Ectomycorrhizal fungus-associated determinants jointly reflect ecological processes in a temperature broad-leaved mixed forest


Title: Ectomycorrhizal fungus-associated determinants jointly reflect ecological processes in a temperature broad-leaved mixed forest
First Author: Bai Zhen
Publication Name: SCIENCE OF THE TOTAL ENVIRONMENT
Year Publised: 2020
Abstract: Ectomycorrhizal (ECM) fungi are closely related to vegetation compositions, edaphic properties, and site-specific processes. However, the coevolutionary mechanisms underlying the spatial distributions in floristic and ECM fungal composition in the context of biotic adaptations and abiotic variances remain unclear.
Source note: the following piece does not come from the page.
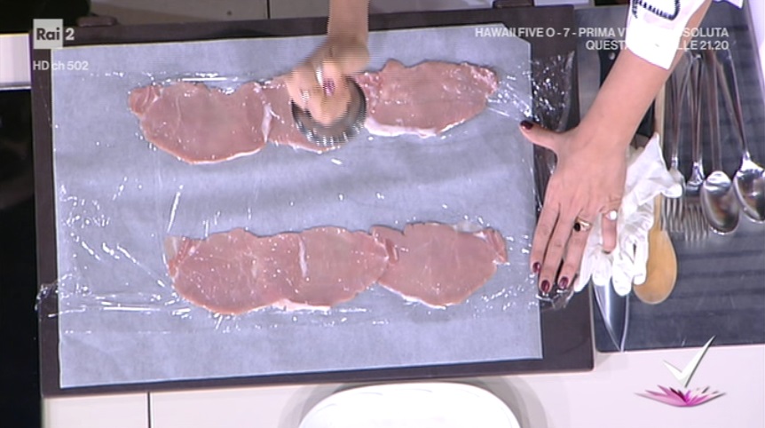 Copriamo con la pellicola le fettine di lonza e le battiamo con un batticarne, in modo da assottigliarle. Le condiamo con sale ed olio e le passiamo nella mollica di pane grattugiata insieme al prezzemolo ed alla menta. Otterremo un bel colore verde brillate.

We combine a total of 25 ECM fungus-associated environmental variables to impose three types of composite scores and then quantify the environmental gradients of geographical site, soil chemical property and vegetation functional trait across 122 grids of 20 m x 20 m in a 25-hm(2) forest plot. Significant dissimilarities in vegetational and ECM fungal abundance and composition existed along the above environmental gradients. Specifically, a contrasting floristic distribution (e.g., Befula platyphylla vs. Tilia mandshurica) existed between the northeastern and southwestern areas and was closely related to the nutrient and moisture gradients (with high levels in the west and low levels in the cast). Furthermore, the ECM fungal communities were more abundant in the nutrient-poor and low-moisture environments than in the nutrient-rich and high-moisture environments, and the mixed-forest in the middle-gradient sites between the northeastern and southwestern areas harbored the highest ECM fungal diversity. These findings suggest that predictable within-site vegetation succession is closely related to ECM-associated determinants and the natural spatial heterogeneity of edaphic properties at a local scale.